Lumbar foraminal anatomy in endoscopic transforaminal surgery
Lumbar foraminal anatomy is central to endoscopic transforaminal spine surgery. Anatomic variability, degenerative changes, and instrument selection (including endoscope diameter) directly influence surgical access and neural safety. This hub organizes the core concepts that define the working corridor—so each article in the cluster fits into a single planning framework.

What this cluster covers
This series focuses on the anatomy and constraints that shape transforaminal access, including:
The anatomic boundaries of the lumbar foramen that define clearance and risk
Kambin’s triangle as a corridor concept and how it varies by level and degeneration
Degenerative changes that narrow access (disc height loss, facet hypertrophy, osteophytes)
How endoscope diameter / cannula size influences corridor requirements and the likelihood of facet work
Core Articles in This Cluster
Understanding the Lumbar Foramen in Endoscopic Spine Surgery
Kambin’s Triangle: Anatomical Boundaries and Surgical Implications in Endoscopic Spine Surgery
Degenerative Foraminal Stenosis and Surgical Planning in Endoscopic Spine Surgery
Endoscope Diameter and Foraminal Access in Endoscopic Spine Surgery
FAQ: Lumbar foraminal anatomy
What does “foraminal corridor” mean in transforaminal endoscopy?
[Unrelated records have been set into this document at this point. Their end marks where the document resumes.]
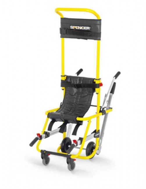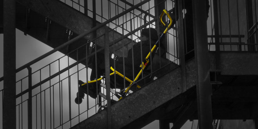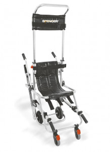 Cette chaise d'évacuation est idéale pour les transferts d'escaliers grâce à un système de courroies autofreinant intégré qui permet de glisser sur les marches.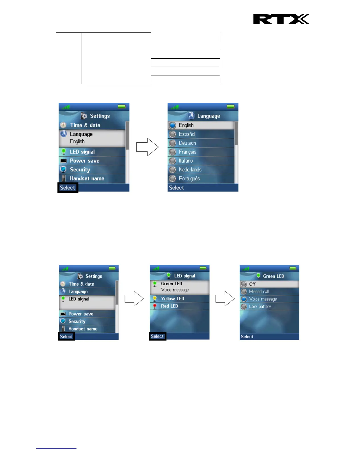 up/down navigation keys, and pressing the left softkey “Select” when the desired language is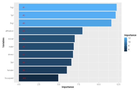 Furthermore, we investigated the LIWC’s feature importance using a random forest classifier to determine which variables added the most value to our binary predictions. Figure 5 shows the top 10 variables that impacted the classification.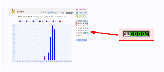 - 카운터를 클릭하면 접속통계가 보입니다. 관리자모드의 접속통계>환경설정에서 카운터의 링크설정을 연결안함으로 설정하셨을 경우에는 카운터가 클릭되지 않습니다.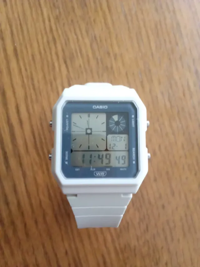 Reloj Casio modelo LF-20W en color blanco. Un diseño clásico y funcional. - Correa de resina. - Pantalla digital. - Resistente al agua (WR).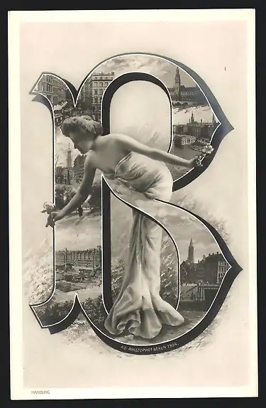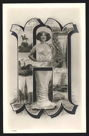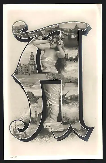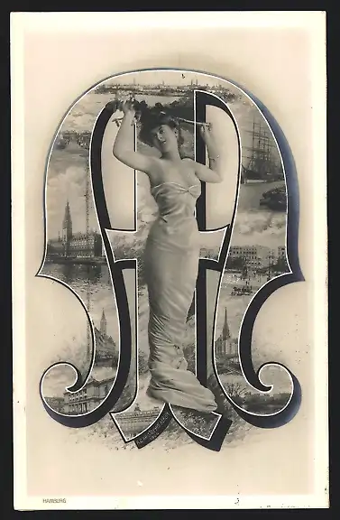 7 AK Hamburg, Serie von 7 Karten mit Ansichten in den Buchstaben des Stadtnamens, Schöne Frauen in Pose

It refers to the three-dimensional space used to reach the target pathology through the foramen while maintaining safe distance from the exiting nerve root and avoiding unnecessary facet disruption.
Why does degeneration change access?
Disc height loss and facet hypertrophy reduce clearance and constrain trajectory, sometimes requiring corridor enlargement to maintain neural safety.
How does endoscope diameter influence access?
Larger cannulas require more clearance and increase the need for facet undercutting, while smaller systems preserve bony anatomy in tighter corridors.